## REQUIRED ACTION
Return the listing below unchanged, except that the pictures are dropped.

START MATERIAL FOR THE TASK

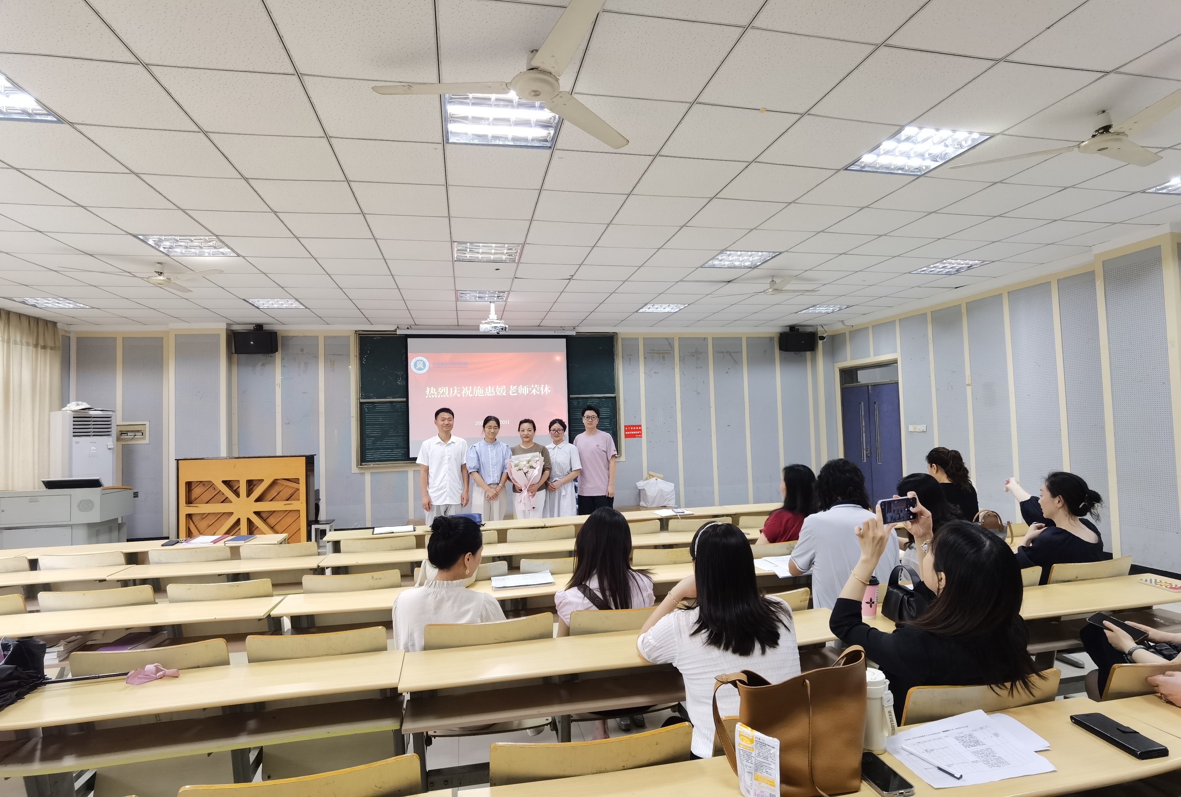 最后,万维维代表全院教职工向施惠媛老师献花,并合影留念。
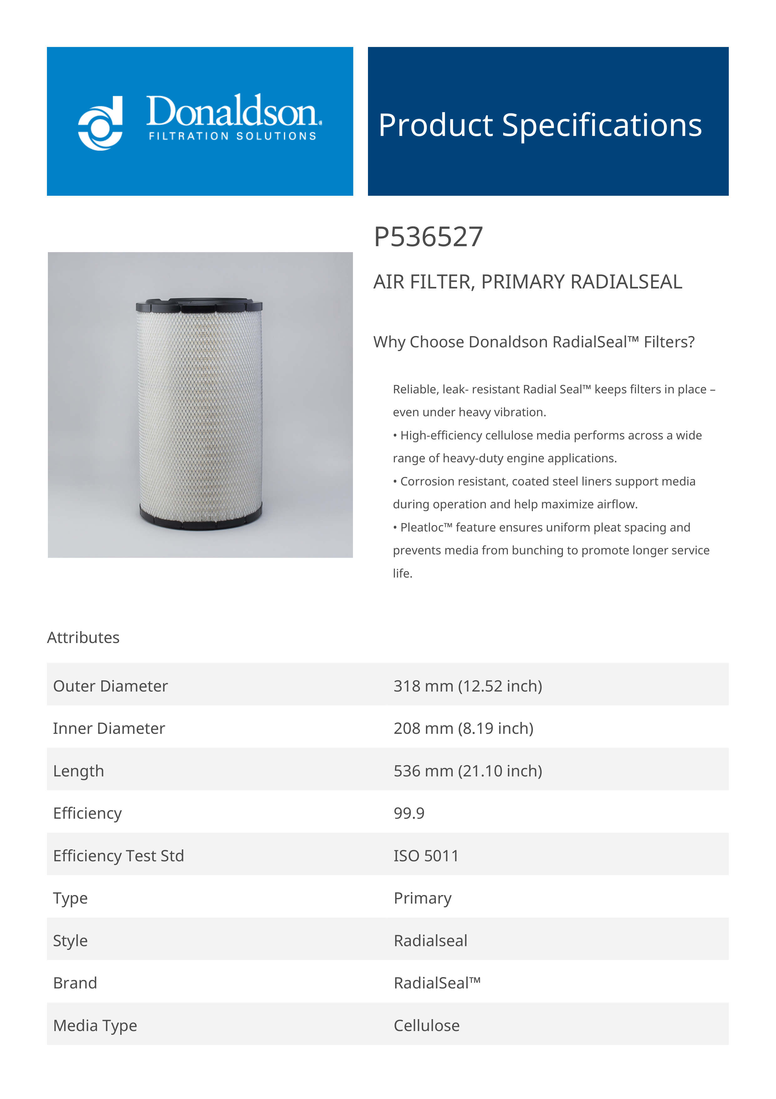 The efficiency of the element is shown using the Micron (µ) and Beta (β) ratings. The micron rating indicates the size of the particle being filtered and the beta rating the efficiency, calculated as 1/β.
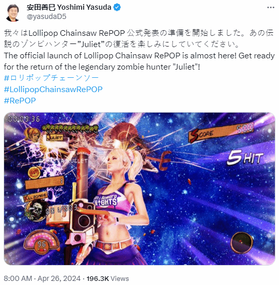 《电锯糖心:RePOP》游戏总监安田善巳近期发推透露,他们正在为游戏的发售做准备,请期待传奇僵尸猎手朱丽叶的回归。
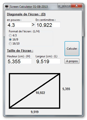 ScreenCalculator est un petit utilitaire qui vous permet de déterminer les dimensions d'un écran (Largeur et Hauteur) à partir de sa diagonale (ex:22") et de son format (ex:16/9).
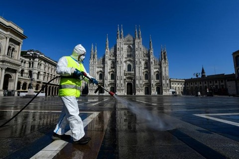 | Désinfection de la place Duomo à Milan, le 31 mars. |

END MATERIAL FOR THE TASK

## WRITTEN SOLUTION
 最后,万维维代表全院教职工向施惠媛老师献花,并合影留念。
 The efficiency of the element is shown using the Micron (µ) and Beta (β) ratings. The micron rating indicates the size of the particle being filtered and the beta rating the efficiency, calculated as 1/β.
 《电锯糖心:RePOP》游戏总监安田善巳近期发推透露,他们正在为游戏的发售做准备,请期待传奇僵尸猎手朱丽叶的回归。
 ScreenCalculator est un petit utilitaire qui vous permet de déterminer les dimensions d'un écran (Largeur et Hauteur) à partir de sa diagonale (ex:22") et de son format (ex:16/9).
 | Désinfection de la place Duomo à Milan, le 31 mars. |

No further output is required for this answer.